Rösler wird Nachfolger von Guido Westerwelle. FDP-Generalsekretär Christian Lindner ist mit großer Mehrheit in seinem Amt bestätigt worden.

Rostock. Philipp Rösler ist neuer Vorsitzender der FDP. Der Parteitag in Rostock wählte den 38-Jährigen am Freitag mit 95,1 Prozent der Stimmen zum Nachfolger von Guido Westerwelle, der nach zehn Jahren als Parteichef und zuletzt zunehmender Kritik an seiner Arbeit nicht wieder kandidierte. Rösler ist damit jüngster Vorsitzender in der Geschichte der Partei. Von 651 gültigen Stimmen entfielen auf ihn 619. Rösler bedankte sich für das Vertrauen und versprach: „Jetzt geht's los.“

Erst am Donnerstag war der FDP-Politiker im Zuge der personellen Neuausrichtung der Liberalen zum Bundeswirtschaftsminister ernannt worden. Zuvor leitete er das Gesundheitsressort. Der promovierte Arzt kam nach der Wahl 2009 überraschend ins Bundeskabinett. Zuvor war der Familienvater Wirtschaftsminister und Vize-Ministerpräsident in Niedersachsen.

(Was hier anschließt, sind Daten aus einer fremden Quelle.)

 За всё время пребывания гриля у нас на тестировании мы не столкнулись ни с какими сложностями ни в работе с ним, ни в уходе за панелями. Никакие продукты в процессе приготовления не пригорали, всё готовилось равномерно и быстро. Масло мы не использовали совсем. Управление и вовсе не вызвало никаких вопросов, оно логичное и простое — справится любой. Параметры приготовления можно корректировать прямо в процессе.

In seiner Kandidatenrede hatte Rösler zuvor gesagt, er werde Mannschaftsführer eines starken Teams sein. „Ab heute geht der Wiederaufstieg der Freien Demokraten endlich los“, versprach er. Deutschland gehe es gut, wie die jüngsten Arbeitslosen- und Wachstumszahlen zeigten. Es brauche daher eine Partei, die nicht ständig über Probleme rede und optimistisch nach vorne schaue. „Das sind wir, die Freien Demokraten.“ Getreu den Worten ihres ersten Vorsitzenden Theodor Heuss sei die FDP eine Partei für Menschen, „die bleien wollen, was sie sind: unabhängig, selbstständig und frei“. Solche Menschen gebe es in allen Schichten der Bevölkerung.

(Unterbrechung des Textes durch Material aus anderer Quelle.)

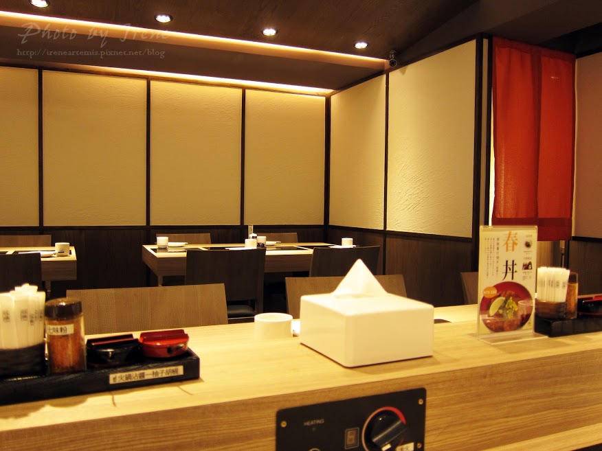豚膳裡的座位主要是四人桌、包廂以及相連的長條桌,中間巧妙的做了一個小島台,上面放著調味料、面紙、牙籤和小立牌,取用很方便,比起立上一塊隔板來說,這個選擇實在是高明的多!減少了和不認識的人對坐時的尷尬,也不會讓人覺得很壓迫。

Lindner als FDP-Generalsekretär wiedergewählt

FDP-Generalsekretär Christian Lindner ist mit großer Mehrheit in seinem Amt bestätigt worden. Der 32-Jährige kam beim Parteitag in Rostock am Freitagabend auf 87,0 Prozent der Delegiertenstimmen. Bei seiner ersten Wahl im vergangenen Jahr hatte der Bundestagsabgeordnete aus Nordrhein-Westfalen noch 95,6 Prozent erhalten.

Der aktuelle Kommentar

„Die Hoffnung der Liberalen ruht darauf, dass Rostock als Tiefpunkt in ihre neuere Geschichte eingeht. Bei den jüngsten Landtagswahlen waren fünf Prozent eine echte Hürde. Und in einer Umfrage stellen die Deutschen der FDP ein Zeugnis aus, das auch als Totenschein gelesen werden kann. 61 Prozent sind der Überzeugung, dass mit dieser Partei verlässliche Politik nicht mehr möglich ist. Nur jeder Dritte glaubt, dass sich die FDP mit Philipp Rösler auf dem richtigen Weg befindet. Der Parteitag war diszipliniert genug, das neue Team nicht mit weiteren Mühlsteinen zu belasten. Rösler, der gut gelaunt den Wiederaufstieg der Freien Demokraten versprach, wurde mit einem 95-Prozent-Ergebnis belohnt.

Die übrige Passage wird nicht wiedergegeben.